Supplementary Materials
Data Availability Statement
All reported data within this study are available via database or by request. Coding DNA sequences for the genes characterized and assessed in this study are provided as FASTA sequences within the Supplementary Information document, and are deposited in the National Center for Biotechnology Information (NCBI) GenBank database with the following accessions: GsOMT1 (MT512039), GsNMT (MT512040), GsNMTt (MT512041), GsCYP75A109 (MT512042), GsOMT2 (MT512043), GsOMT3 (MT512044), GsCYP75A110 (MT512045), GsOMT4 (MT512046), GsCYP71FB1 (MT512047), GsTyDC/DDC (MT512048), GsPAL (MT512049), GsCCR (MT512050), GsAER (MT512051), Gs4CL (MT512052), GsC4H (MT512053), GsDAHPS (MT512054), Δ24-CjNCS (MT512055), Δ29-CjNCS (MT512056).

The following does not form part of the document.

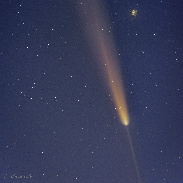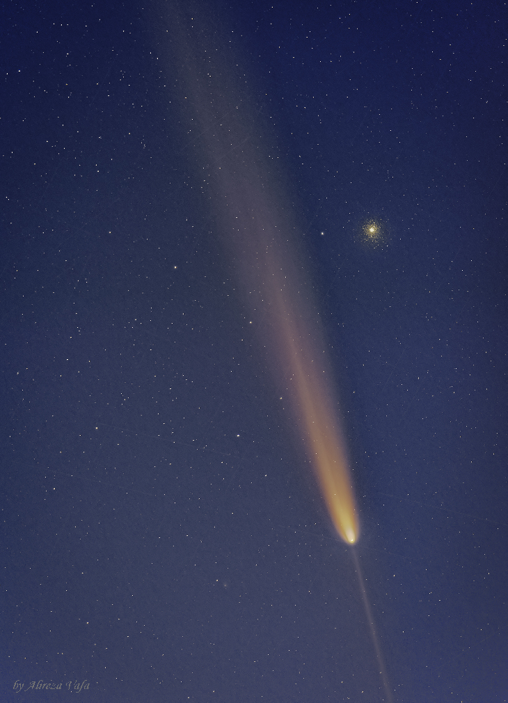 On the evening of October 15th, the sky was a breathtaking sight as Comet Tsuchinshan Atlas lit up the dusk. Its bright tail shimmered under the soft glow of the moon, creating a beautiful contrast against the deepening twilight. Nearby, the M5 globular star cluster sparkled like a cluster of tiny diamonds, adding to the magic of the scene. Just a degree away, the faint Comet 13/P Olbers could be seen, reminding us of the many wonders in our universe!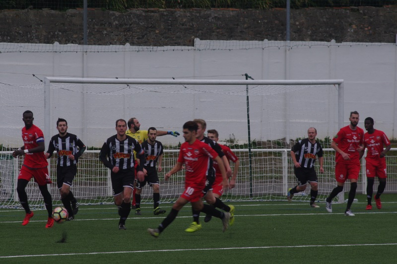 1-0, 15’). Le Soc est à la manœuvre avec un bon mouvement finalisé par Guillaume Rezeau (20’) et un tir de Mickael Brodie qui ne trouve pas le cadre (24’). Les visiteurs sortent un peu de leur base et ils se procurent des frappes de Valentin Barbault (27’) et (32’). Si de nouvelles intentions des adversaires, mais sans réel danger (33’) et (40’), ce sont les protégés de Nenad Zekovic qui terminent mieux ce premier acte. Guillaume Rezeau lance en profondeur Hans Razananoro et creuse l’écart pour les siens (

Raw reads from RNA-seq profiling of G. superba are deposited in the NCBI Sequence Read Archive (SRA) database under the BioProject accession PRJNA634925. The corresponding Transcriptome Shotgun Assembly (TSA) project has been deposited at DDBJ/EMBL/GenBank under the accession GIOZ00000000. The version described in this paper is the first version, GIOZ01000000. Gene constructs described in this manuscript will be made available upon request. Synthetic substrates and purified compounds will be made available upon request, as possible. Select data sets that were critical to the conclusions of this study are provided with the online version of this manuscript.